Morses Pond has a problem with the proliferation of aquatic weeds. Water chestnut has been a problem in the past, but FOMP hand harvesting over the last several years has almost eradicated the species. We will never get them all, but we have them sufficiently under control that yearly harvesting now requires only a few dedicated individuals working a few days each summer. Milfoil and other leafy weeds do not appear to be under control and it may be that their numbers are increasing every year.
The Town has conducted numerous studies over the years but there are no easy answers to this problem. In past years, the Town budgeted money to run the weed harvester, for which we were grateful. However, the weed harvester broke down and has been out of operation for the past few years. Currently, the town is assessing how to best manage Morses Pond.
More dramatic solutions are expensive and may be ineffective. If you would like to educate yourself on pond weed management, http://aquat1.ifas.ufl.edu and http://www.nalms.org are excellent places to start.
To prevent the flooding of Route 9 in the
stretch north of Morses Pond during severe rain storms, MA Highway
will increase the culvert sizes into and out of Morses Pond. This
may affect the Pond in the following ways:
-Reduce extreme high water levels, thereby reducing home flooding and bank erosion.
-Change the aesthetics of the inflow and outflow culverts.
-Change the ability to reduce water levels for weed control.
FOMP is in favor of this project because of the reduction in extreme levels. However we are concerned about the aesthetics of the new inflow and outflow structures and we are trying to make sure the Town of Wellesley is concerned as well.
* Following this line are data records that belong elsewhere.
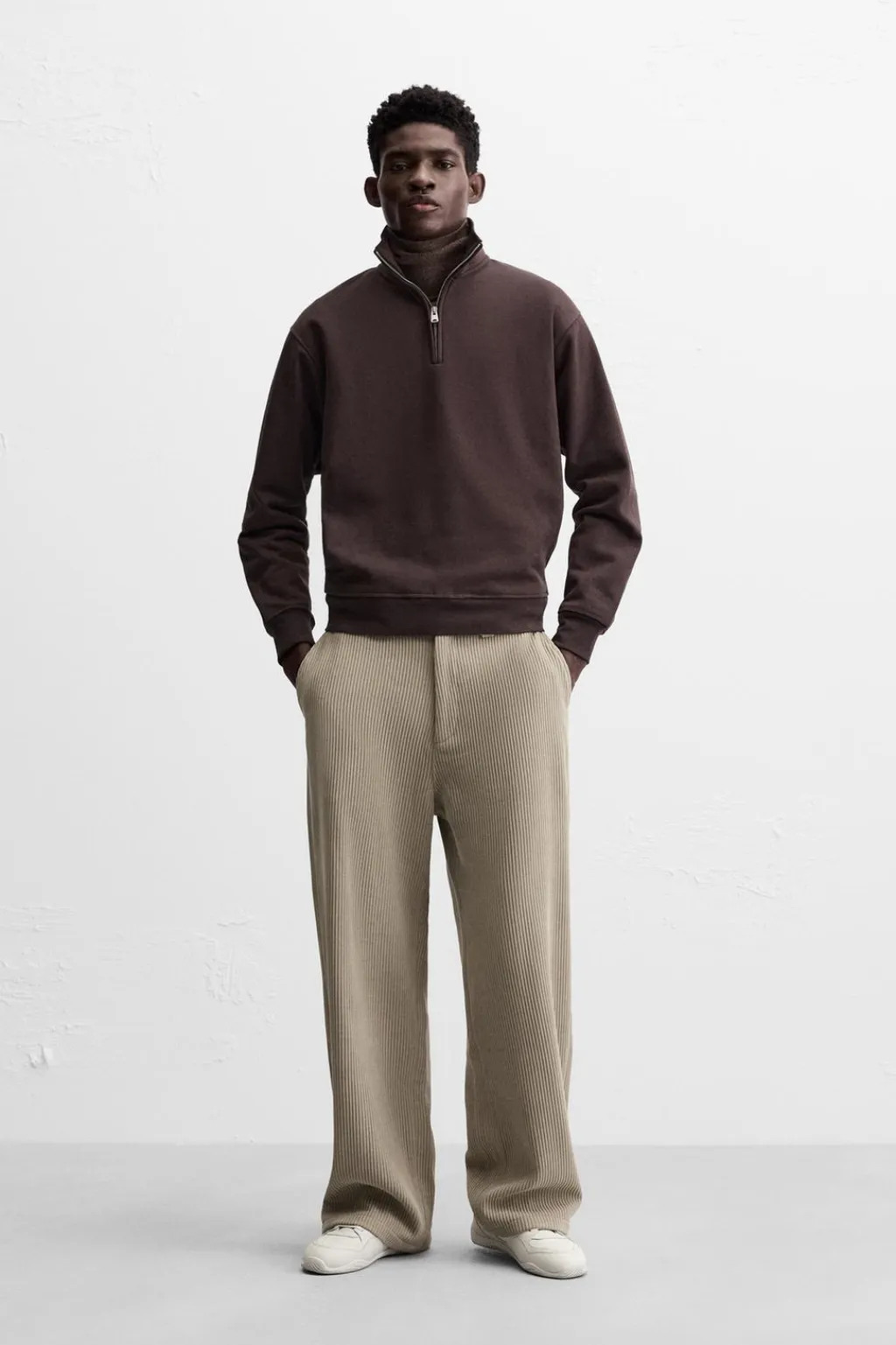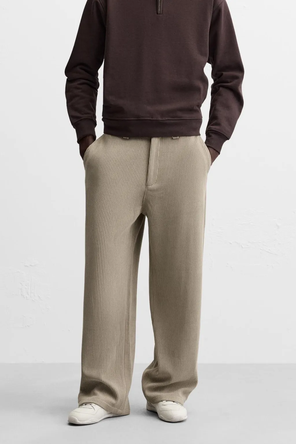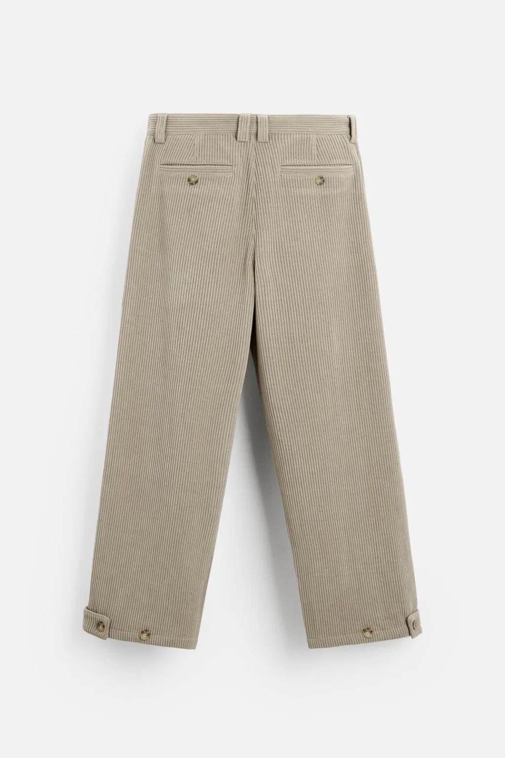 Pantalón wide fit confeccionado en tejido de pana. Bolsillos delanteros y detalle de bolsillos traseros de vivo. Bajo ajustable mediante botones. Cierre frontal de cremallera y botón.
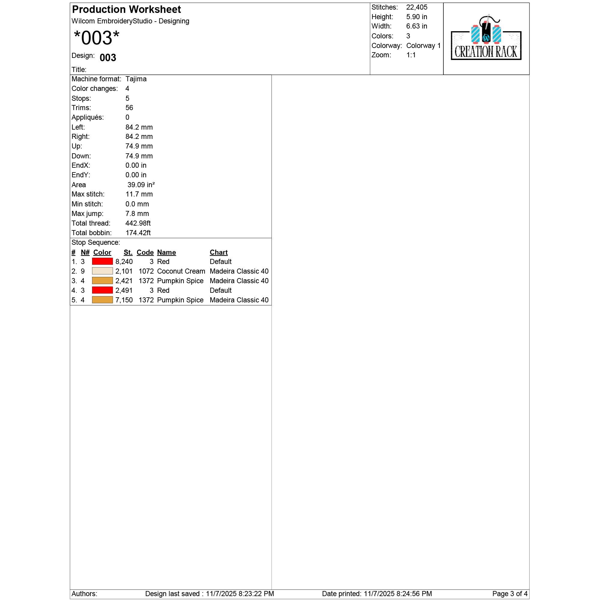 003: 22,405 stitches | 5.90 in (15.0 cm) x 6.63 in (16.8 cm) | 3 colors
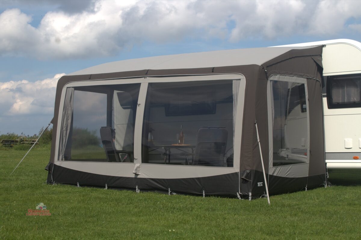 Adjustable Height – suitable for connection to caravans and motorhomes between the heights of 235 – 280cm. Zipped fastenings can be adjusted on the side walls of the awnings, both internally and externally, to adjust the height ranges by 15cm at a time.
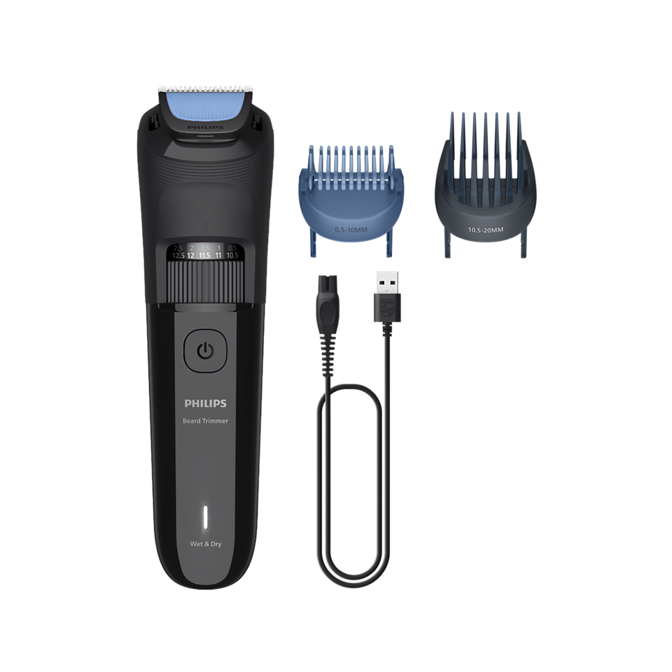 Příslušenství: čisticí kartáček, 2 nastavitelné hřebeny na vousy (0,5-10mm; 10,5-20 mm), kabel USB (adaptér není součástí balení).
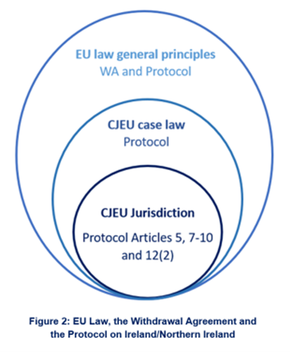 Thus, Article 4 of the WA explicitly provides for the continuation of the principles of direct effect, supremacy, and general principles of EU law in relation to the WA in its entirety, including the Protocol and those EU instruments that fall within its scope; Article 4 of the WA does not, however, make provision for continued CJEU jurisdiction. By contrast, Article 12(4) of the Protocol does provide that full CJEU jurisdiction is retained but (only) as regards the implementation of Article 5 and Articles 7-10 of the Protocol with Article 267 of the TFEU applying to the UK for this purpose. Alongside this, Article 13(2) of the Protocol provides that ‘the provisions of this Protocol referring to Union law or concepts or provisions thereof shall in their implementation and application be interpreted in conformity with the relevant case law’ of the CJEU. There are, therefore, three levels to the ongoing relationship between EU law proceedings and different aspects of the WA, including the Protocol, set up under its terms (see Figure 2).
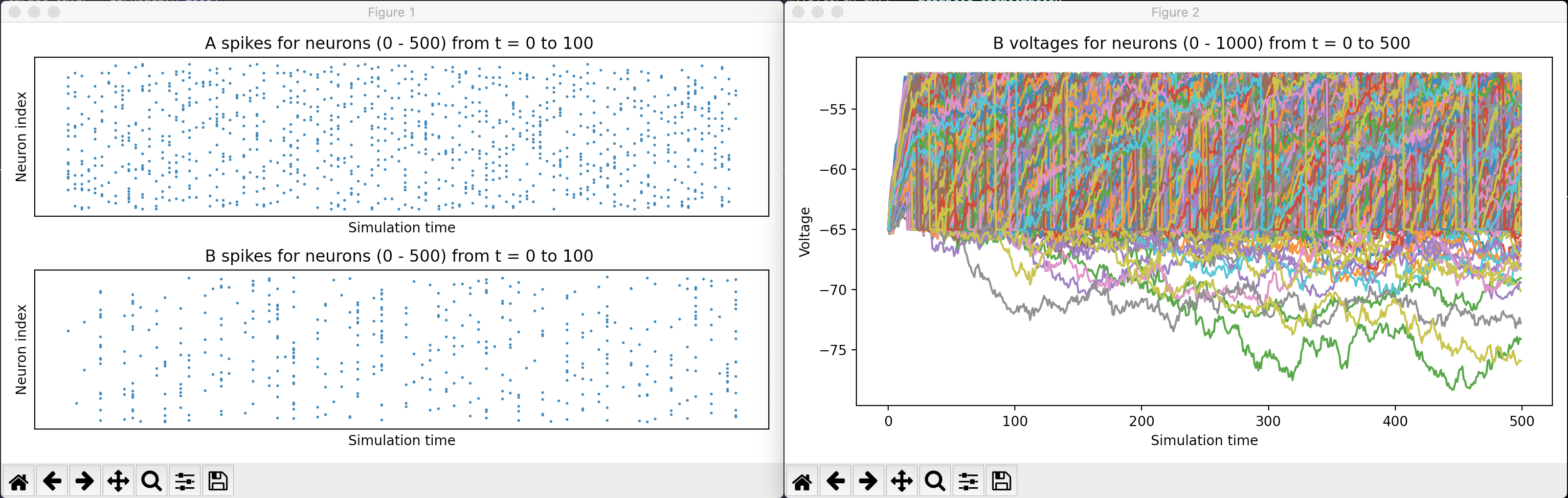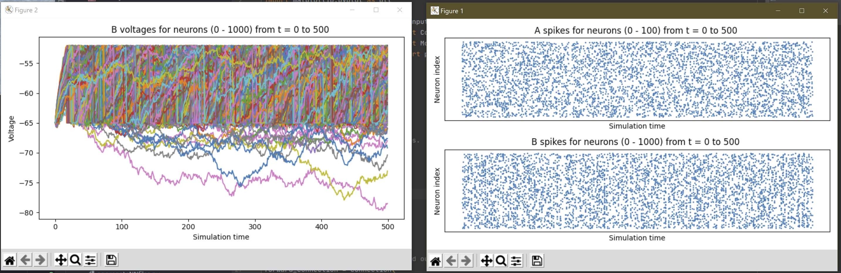 Indices exchange in plot_spikes function, so that time varies from 0 to time param, and n_neurons vary from 0 to the number of neurons at each layer.

In addition we have tried to influence the design of the outflow structure to allow for the pond to be drawn down to a level that would expose weed roots to freezing in the winter. This is not a guaranteed way to kill weeds, and it is not clear that the Town would ever allow this, but we are trying to get this feature into the design so that it is at least possible.
The water level in Morses Pond is controlled
by the Department of Public Works by placing or removing ``stop-logs''
in the spillway of the dam between Morses Pond and Paintshop Pond.
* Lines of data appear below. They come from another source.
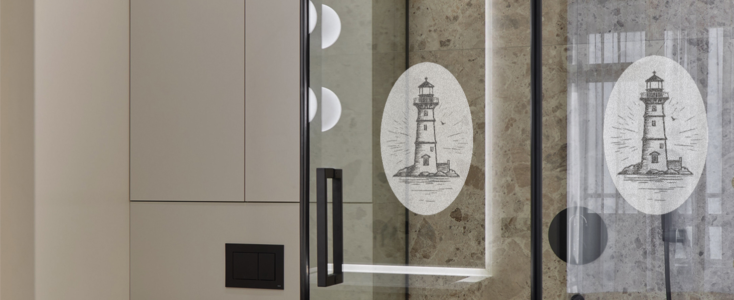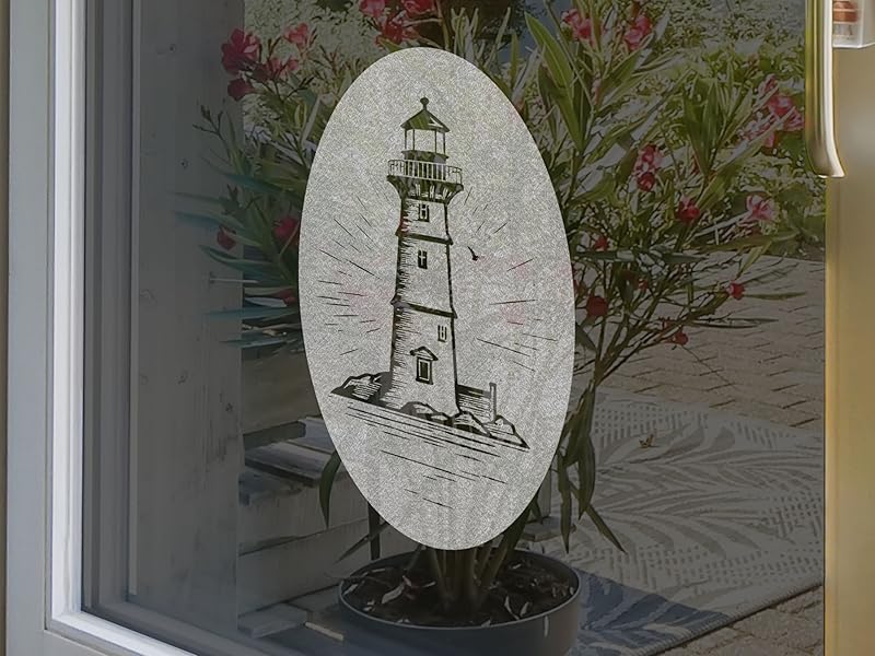 Style: ChicSkin oval glass cling features classic architecture design, Lighthouse. Each anti-collision silvery sticker transforms your door or window glass into a stunning exhibit
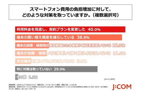 今回の調査により、世帯全体のスマートフォンの費用を負担している人の約9割が、スマートフォンの端末価格の上昇によるスマートフォン関連の費用負担の増加を気にしており、スマートフォン費用の負担増加に対して「契約プラン変更」や端末の長期利用により「端末の買い替え頻度を減らす」といった対策をしている人が多いことがわかりました。
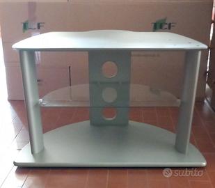 mobiletto NUOVO in legno, no plastica, ancora imballato e da montare di colore grigio con pianale intermedio in vetro. La foto è relativa al gemello che è stato montato per verifica.

The boards are placed or removed in order to address the following
-Low water to prevent home flooding of approximately 11 pond abutters.
-Low water to promote flow through the pond during the road salt season.
-Low water to prevent bank erosion on the eastern shore.
-Medium water to facilitate chestnut harvesting in spring. Chestnut harvesting only can only be done in the summer.
-High water to keep the wells charged.
-High water for recreation.
There are 6 removable stop-logs of 5.5 inches
each. The DPW removes all of them in winter because (2) is very
important. During the late spring and early summer, boards are
added to bring the level up
for (5) and (6), with boards added depending on rainfall to keep the level at the outflow channel roughly constant at about 6 inches below the top. (1) and (3) require that the sixth board not be added, leaving some reserve capacity in the pond for storms. On request of the FOMP chestnut harvesters, item (4), the pond level is adjusted temporarily as needed. Variations that residents see in the pond level away from the ideal are due to fluctuations in the amount
of run-off in the watershed over short times that the DPW does not try to keep up with. Usually these are within an acceptable range.